The number of active listings dropped by 72 properties to 1,338, a 5.1% decline from October and the fewest number on the market since January. Compared to November 2007, the number of listings was down 4.2%. Condo inventory levels will likely continue to decrease contemplating seasonal factors, reuse as rentals and seller concerns about falling values in the short term.
Sales activity, on the other hand, have slowed considerably reflected by a 60% drop in the number of properties going under contract, 111 last month compared to 278 in November 2007. As a result, the inventory supply rate rose sharply into double-digit territory to 12 months, ensconcing Seattle deep in a buyer’s market.
Going forward, the continual economic meltdown, employment security concerns and general uncertainty will keep many buyers at bay, further depressing the condo market. Condo sellers will need to adjust their expectations accordingly if they hope to lure buyers.
However, we are seeing new buyers come off the fence, predominately investors but also potential homeowners, who are enticed by falling prices and better mortgage terms. Mortgage rates have been decreasing and for well-qualified buyers, at this writing, the 30-year fix rate is now in the low 5’s with expectations that it could drop into the 4’s. For those well-positioned to purchase, there are good opportunities available considering the depressed values, historically low interest rates and buyer incentives.

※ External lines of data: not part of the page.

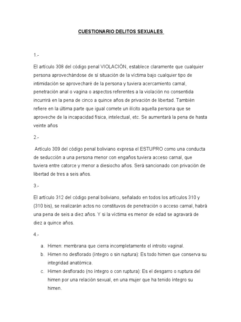 Artículo 309 del código penal boliviano expresa el ESTUPRO como una conducta
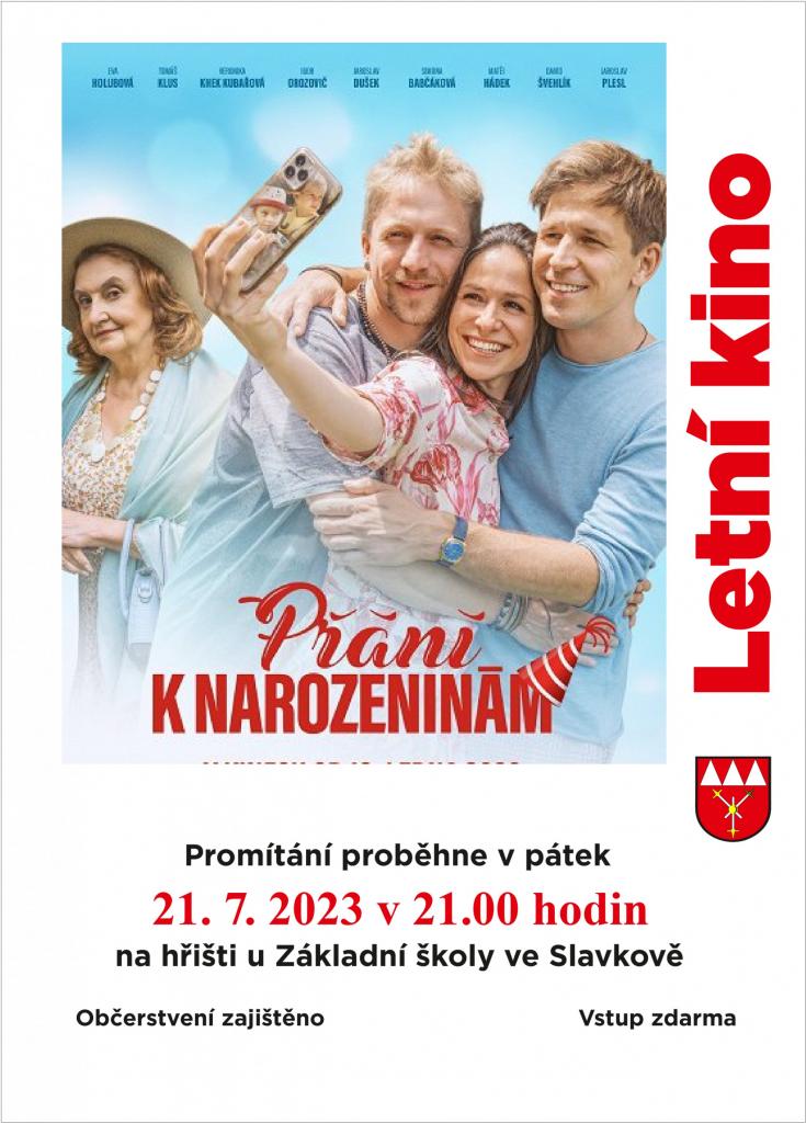 Promítání filmu "Přání k narozeninám" proběhne v pátek 21. 7. 2023 ve 21 hodin na hřišti u Základní školy ve Slavkově.
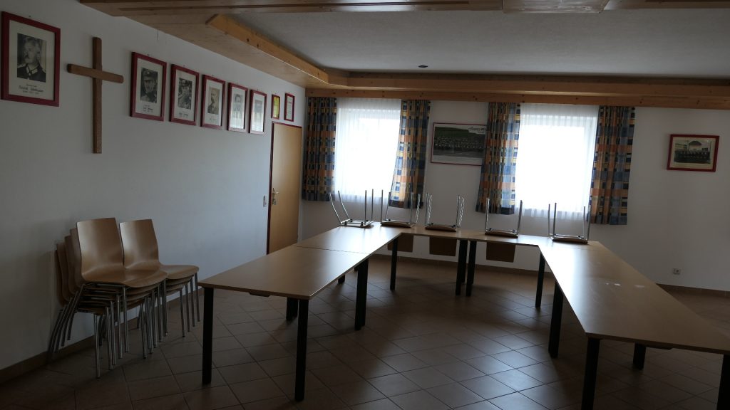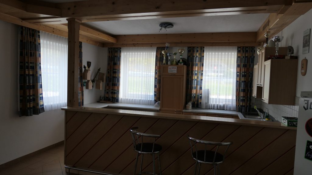 Im 1. Stock breitet sich die Festhalle mit Küche und Bar aus wobei sich hier noch der Zugang zum Dachboden befindet. Seit neuestem gibt es außerdem einen Bereitschaftsraum und 2 WCs im 2. Stock.
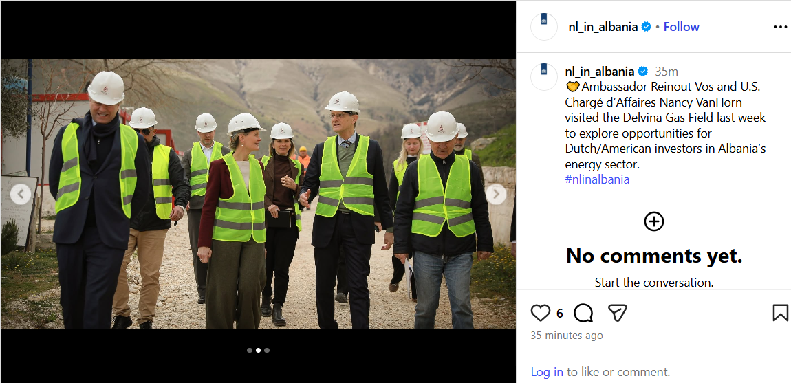 Presidenti Trump po nxit një epokë të re të rritjes së prodhimit energjetik amerikan, me investimet amerikane që forcojnë sigurinë energjetike globale. Duke theksuar rëndësinë e një mjedisi rregullator transparent për tërheqjen e investimeve ndërkombëtare, e Ngarkuara me Punë Nancy VanHorn dhe Ambasadori holandez Reinout Vos vizituan Fushën e Gazit në Delvinë javën e kaluar për të eksploruar mundësitë në sektorin energjetik të Shqipërisë.”- thuhet në postimin Ambasadës së SHBA-ve.
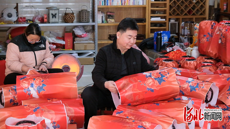 在屯头村,这样的店铺还有很多。白军平也是藁城宫灯的制作艺人,他家主要制作大型灯笼。“现在是销售旺季,我们一家人都投入了灯笼订单的制作,经常忙到深夜,都已经习惯了。”白军平笑着说。
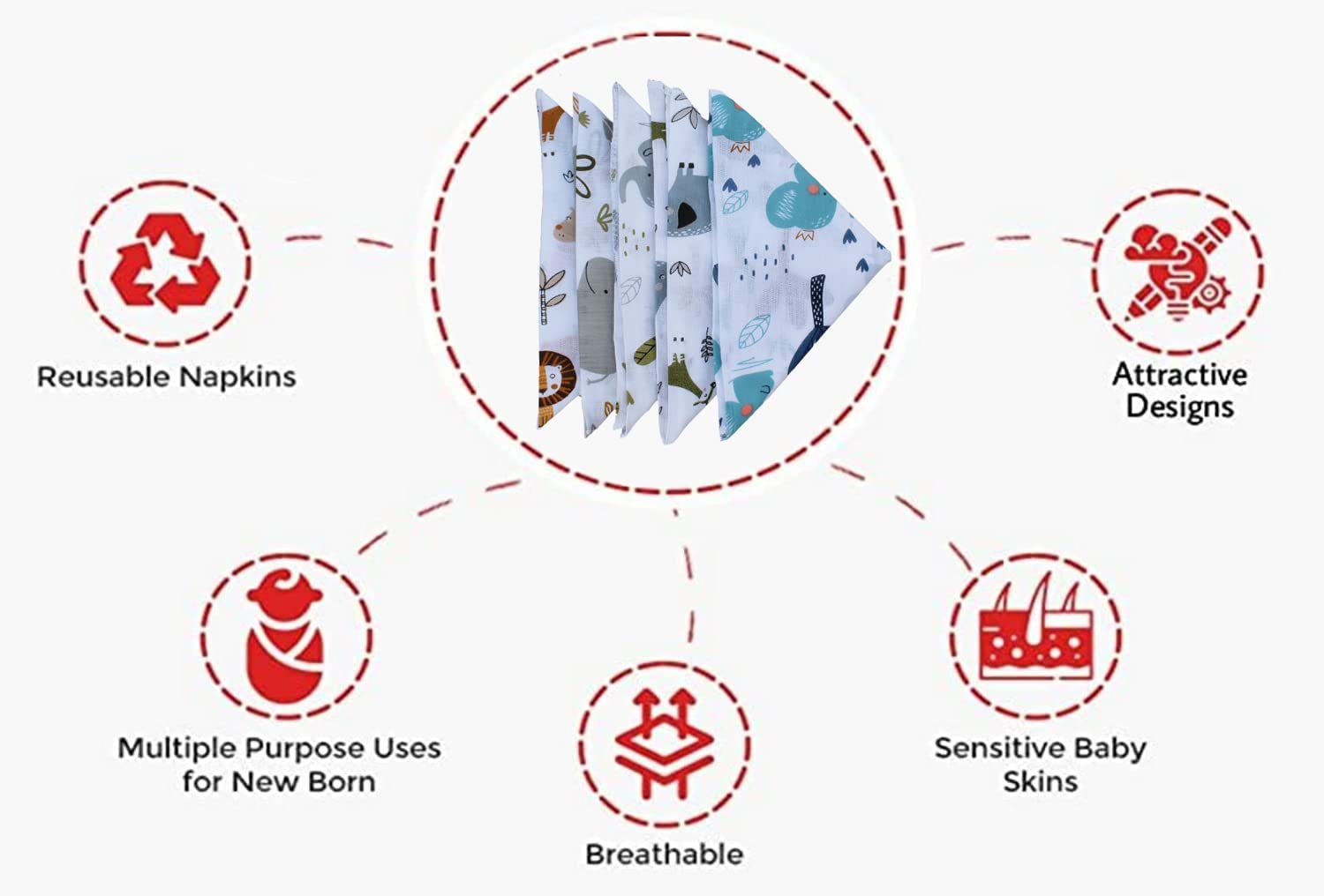 Made from Super soft Malmal Fabric , which is 100% Cotton. These are Smooth and soft | Breathable | and Comfortable for Sensitive Baby Skins.Multiple Purpose Uses for New Born /Babies as a Cleaning / hygiene cloth / feeding cover /wash cloth and more
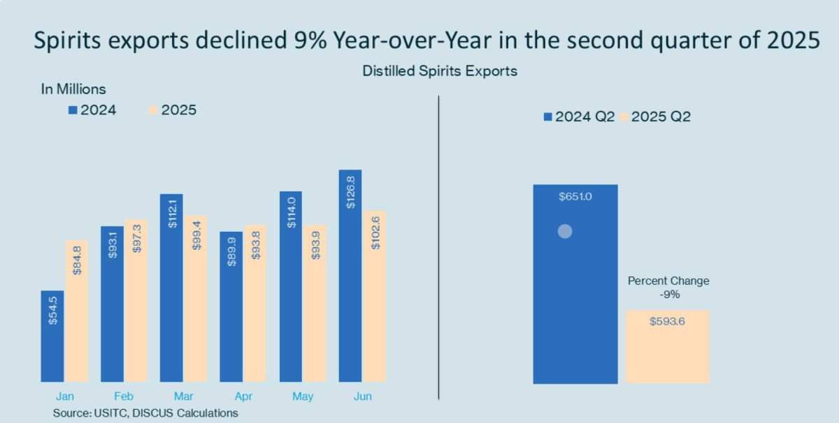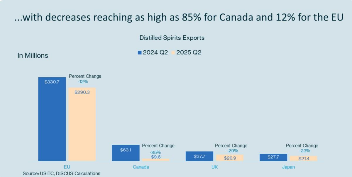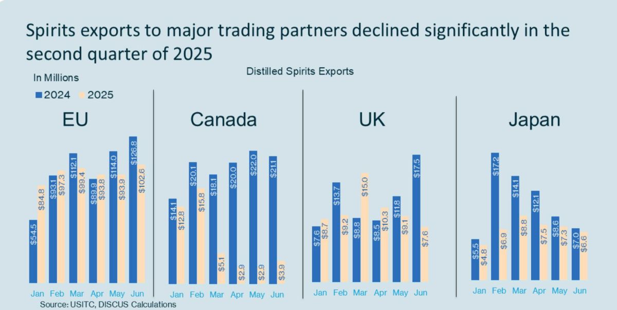 Il 6 ottobre 2025, il Distilled Spirits Council of the United States (DISCUS) ha pubblicato un rapporto secondo cui le esportazioni di liquori distillati statunitensi sono calate del 9% su base annua nel secondo trimestre del 2025. DISCUS ha sottolineato che «i cali sono stati particolarmente marcati verso i principali mercati di riferimento», tra cui Canada, Unione Europea, Giappone e Regno Unito, che rappresentano complessivamente il 70% del valore totale delle esportazioni.
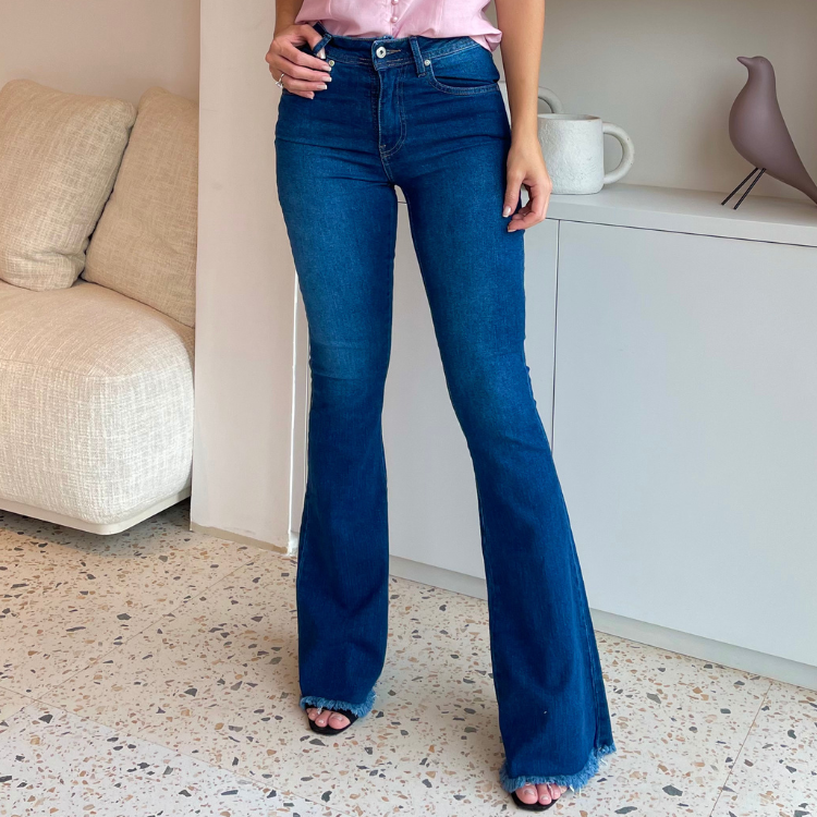 A calça jeans flare com barra desfiada carrega toda a sofisticação e beleza que um jeans deve ter! Peça marcada por ser tendência desde os anos 70 com o surgimento da “boca de sino”. Pode ser incorporada aos looks mais criativos e espontâneos. A combinação com camisas sociais, bodys e croppeds darão diferentes facetas ao visual. Acessórios em tons contrastantes mixados com sandálias de salto bloco serão boas composições para a sua finalização.
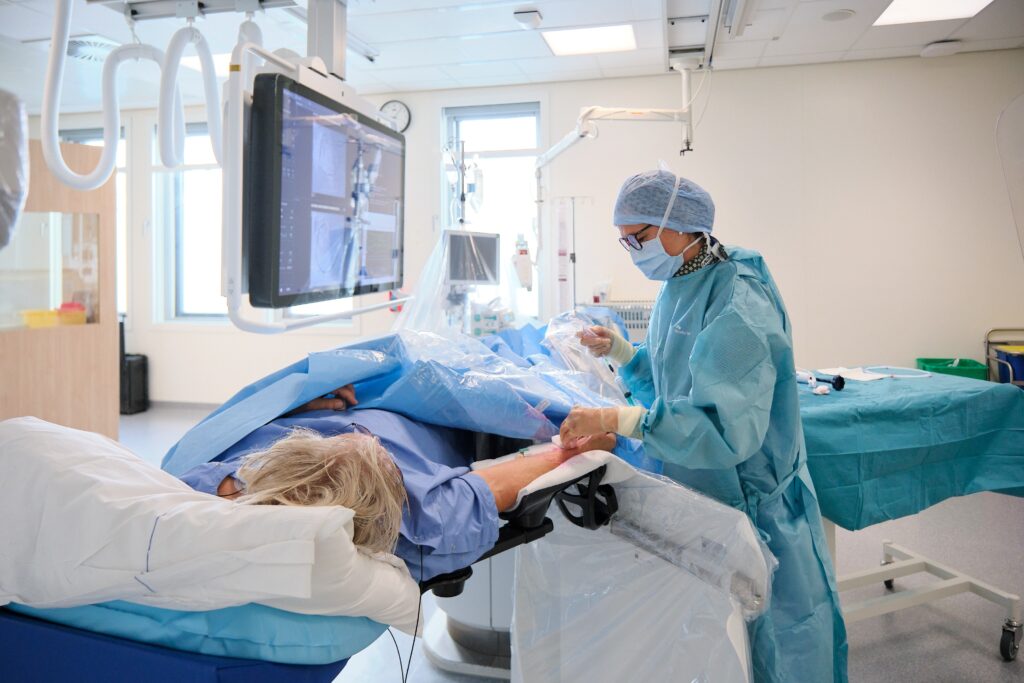Hij is nog maar amper binnen of Willibrord ligt al op de operatietafel. Annemiek de Vos zal de ingreep uitvoeren en knoopt direct een gesprekje met hem aan. De Vos is interventiecardioloog en staat aan het hoofd van een team dat werkt als een geoliede machine. „Dat moet ook wel, want gemiddeld krijgen we dagelijks zeven of acht patiënten op de tafel. We werken met een vaste ploeg. Dat is handig, want zo weten we precies wat we aan elkaar hebben.”
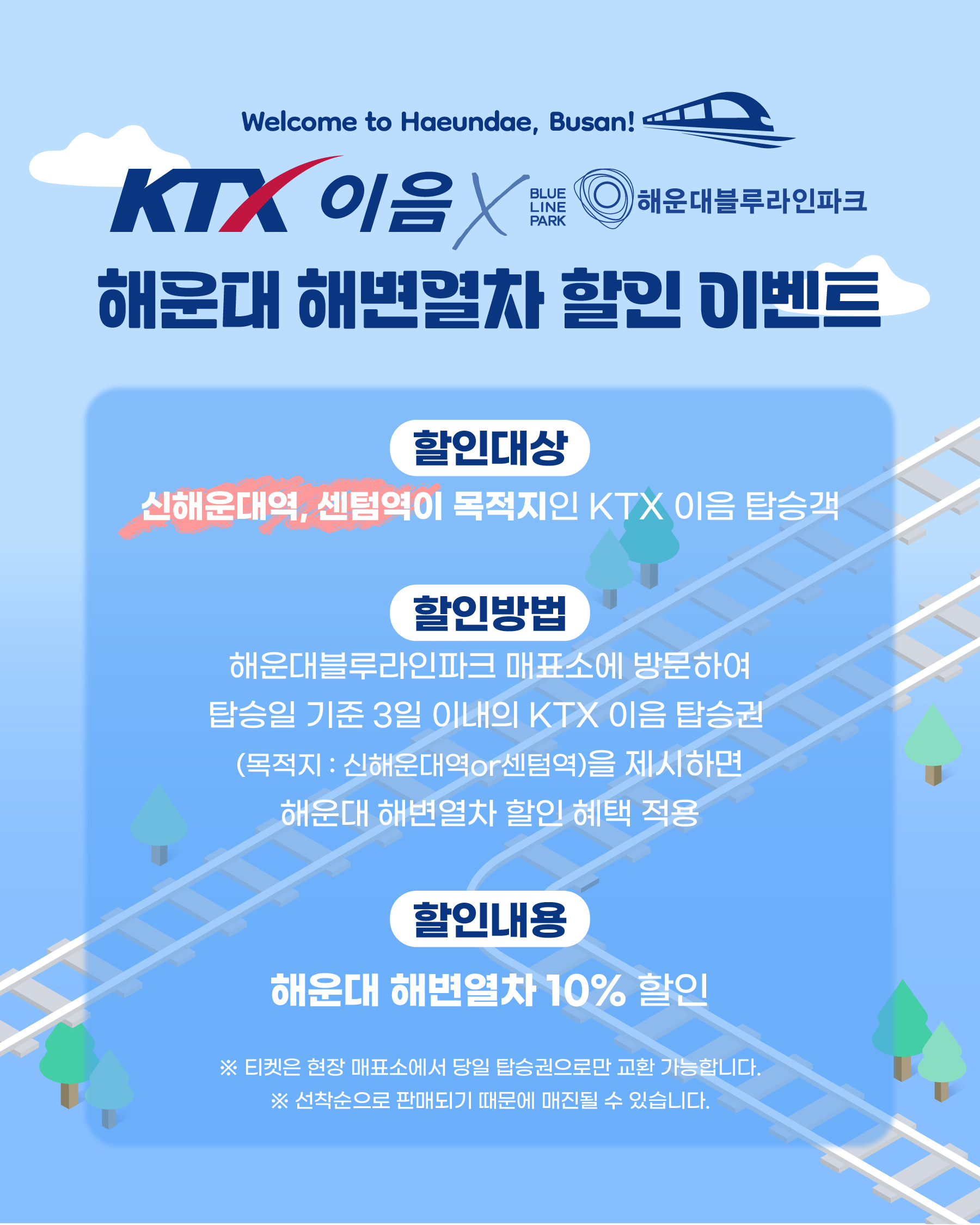 ▶ 할인 방법 : 해운대블루라인파크 매표소 방문 후 탑승일 기준 3일 이내의 KTX-이음 승차권 (목적지: 신해운대역 또는 센텀역) 제시

With the sales volume so low, there is a possibility the NWMLS median price stats may improve in December and January. There are two factors for this. First, the completion of three luxury developments – The Four Seasons, 1521 and Olive 8. With their higher sale prices, the median price is likely to inch up, particularly for downtown (MLS Area 701). Second, condo sales that would depress values, i.e. those sold at auction, won’t be included in the NWMLS stats as they’re sold outside of the multiple listing service. While the omission of the auction sales may skew the stats, historically, most new construction properties haven’t been contemplated in the NWMLS stats either.
West Seattle’s stratospheric inventory supply rate is the result of only 3 properties going under contract last month while the number of active listing increased by 49 (161 actives divided by 3 pendings).
Good to hear that you don’t seem to have an oversupply of inventory in your condo market! Sounds like your market is bucking that trend.
I live in a condo market in new jersey and it is quite saturated and prices are declining, however single family homes are staying pretty good right now and weathering the storm alright. good luck!